● **Exercise**: Leave out the pictures and restate the rest of the data exactly.

● **Provided data**:
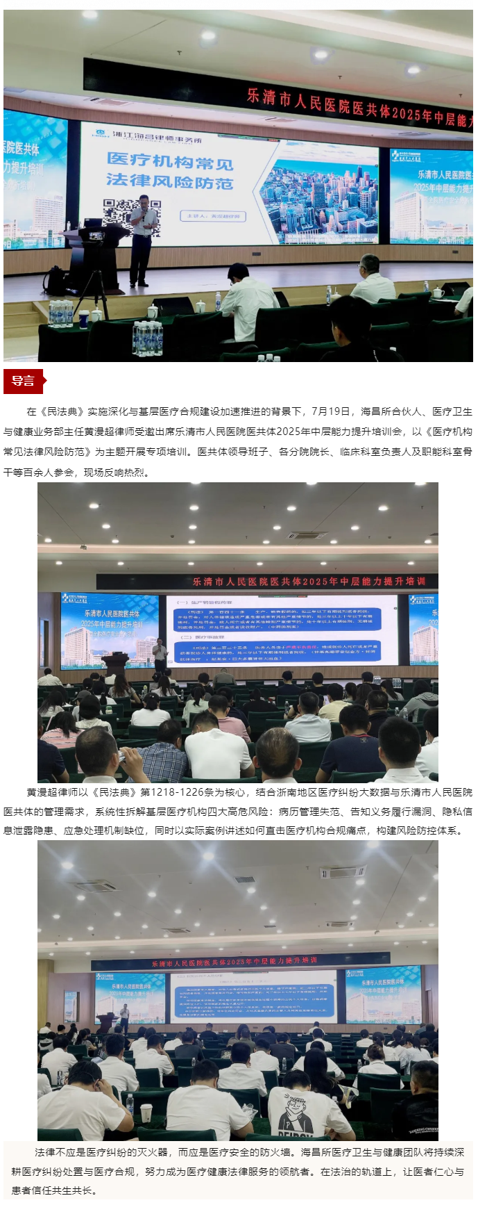 海昌所黄漫超律师受邀为乐清市人民医院医共体开展《医疗机构常见法律风险防范》专题培训
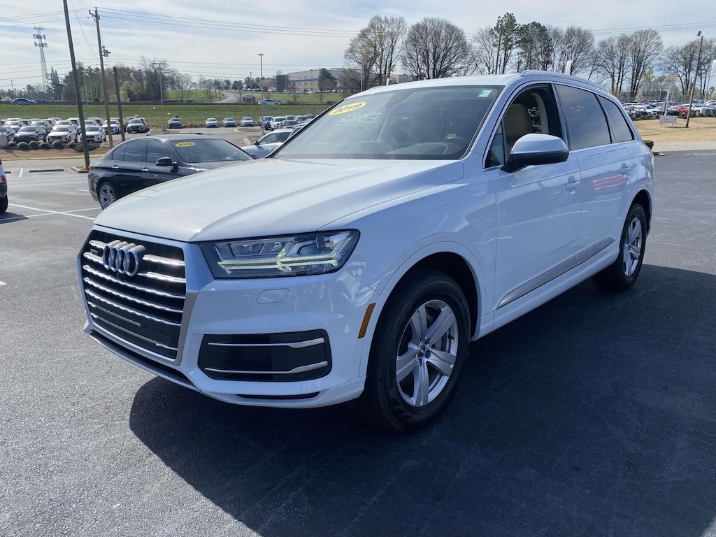 2019 Audi Q7 45 Premium Plus quattro Glacier White quattro 8-Speed Automatic with Tiptronic 2.0L 4-Cylinder TFSI 2019 Audi Q7 45 Premium Plus Glacier White, 3-Spoke Multifunction Steering Wheel w/Paddles, 3D Bose Surround Sound System, 4-Zone Automatic Climate Control, Audi Phone Box w/Wireless Charging, Audi Side Assist w/Pre Sense Rear, Audi Virtual Cockpit, Black Rubber All-Weather Floor Mats (Set of 4), Cold Weather Package, Convenience Package, Convenience Package Credit, Driver & Passenger Front Seats w/Ventilation, Heated Auto-Dimming Power Folding Exterior Mirrors, Heated Rear Seats, LED Headlights w/Dynamic Indicators, LED Interior Lighting Package, Navigation system: MMI Navigation plus, Power Liftgate, Power Sunroof, Premium Plus Package, Rear Door/Side Windows & Tailgate Sunshades, Topview Camera System, Towing Package, Warm Weather Package.
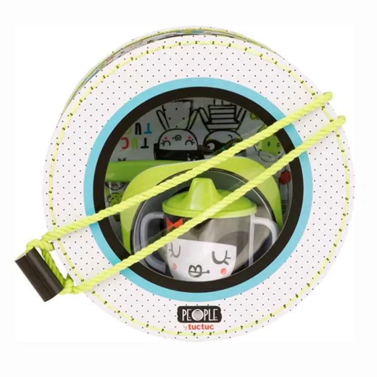 Juego de vajilla de 5 piezas, compuesto por plato y tazón con detalles de la colección, cuchara blandita de silicona y taza ergonómica con tetina que estimula su autonomía.
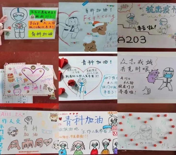 以“引领力”团结青年,坚定“战疫”信念提振精神。学院各临时“战疫”团支部组织青年学生相聚云端,共上一堂思政大课,共同观看《中国医生》、《我和我的祖国》、《最美逆行》等红色影片及防疫主题影片,深刻感受静默期间“何来岁月静好,只不过有人在替你负重前行”,引导团员青年们从抗疫事迹中汲取无私奉献、舍己为人,“功成不必在我,功成必定有我”的坚强信念与力量,增强了克服眼前困难、勇于战胜疫情的信心决心;陆续开展“共克时艰,战疫有我”、“疫情就是命令,防疫就是责任”等主题团日活动,呼吁大家在静默期间积极配合学校疫情防控工作,号召全体广大团员青年要坚决做到听党话、跟党走,把思想认识统一到习近平总书记关于疫情防控工作的重要指示精神和党中央决策部署上来,清醒认识当前疫情形势的严峻性和复杂性,理解、支持、配合学校的疫情防控政策,并动员团员青年们进行“共战疫情,强健体魄”健身活动,通过仰卧起坐、平板支撑、俯卧撑、深蹲、趣味乒乓球等体育活动养成健康的生活方式,以阳光乐观、积极向上的精神面貌应对此次疫情。在宿舍静默的同学们纷纷在门上粘贴感谢的话语,感谢在抗疫路上冲在前线的所有服务人员,并表示,如果组织需要,定积极投身学校疫情防控工作,用点点星火照亮青科战疫前行路。

● **Expected answer**:
 海昌所黄漫超律师受邀为乐清市人民医院医共体开展《医疗机构常见法律风险防范》专题培训
 2019 Audi Q7 45 Premium Plus quattro Glacier White quattro 8-Speed Automatic with Tiptronic 2.0L 4-Cylinder TFSI 2019 Audi Q7 45 Premium Plus Glacier White, 3-Spoke Multifunction Steering Wheel w/Paddles, 3D Bose Surround Sound System, 4-Zone Automatic Climate Control, Audi Phone Box w/Wireless Charging, Audi Side Assist w/Pre Sense Rear, Audi Virtual Cockpit, Black Rubber All-Weather Floor Mats (Set of 4), Cold Weather Package, Convenience Package, Convenience Package Credit, Driver & Passenger Front Seats w/Ventilation, Heated Auto-Dimming Power Folding Exterior Mirrors, Heated Rear Seats, LED Headlights w/Dynamic Indicators, LED Interior Lighting Package, Navigation system: MMI Navigation plus, Power Liftgate, Power Sunroof, Premium Plus Package, Rear Door/Side Windows & Tailgate Sunshades, Topview Camera System, Towing Package, Warm Weather Package.
 Juego de vajilla de 5 piezas, compuesto por plato y tazón con detalles de la colección, cuchara blandita de silicona y taza ergonómica con tetina que estimula su autonomía.
 以“引领力”团结青年,坚定“战疫”信念提振精神。学院各临时“战疫”团支部组织青年学生相聚云端,共上一堂思政大课,共同观看《中国医生》、《我和我的祖国》、《最美逆行》等红色影片及防疫主题影片,深刻感受静默期间“何来岁月静好,只不过有人在替你负重前行”,引导团员青年们从抗疫事迹中汲取无私奉献、舍己为人,“功成不必在我,功成必定有我”的坚强信念与力量,增强了克服眼前困难、勇于战胜疫情的信心决心;陆续开展“共克时艰,战疫有我”、“疫情就是命令,防疫就是责任”等主题团日活动,呼吁大家在静默期间积极配合学校疫情防控工作,号召全体广大团员青年要坚决做到听党话、跟党走,把思想认识统一到习近平总书记关于疫情防控工作的重要指示精神和党中央决策部署上来,清醒认识当前疫情形势的严峻性和复杂性,理解、支持、配合学校的疫情防控政策,并动员团员青年们进行“共战疫情,强健体魄”健身活动,通过仰卧起坐、平板支撑、俯卧撑、深蹲、趣味乒乓球等体育活动养成健康的生活方式,以阳光乐观、积极向上的精神面貌应对此次疫情。在宿舍静默的同学们纷纷在门上粘贴感谢的话语,感谢在抗疫路上冲在前线的所有服务人员,并表示,如果组织需要,定积极投身学校疫情防控工作,用点点星火照亮青科战疫前行路。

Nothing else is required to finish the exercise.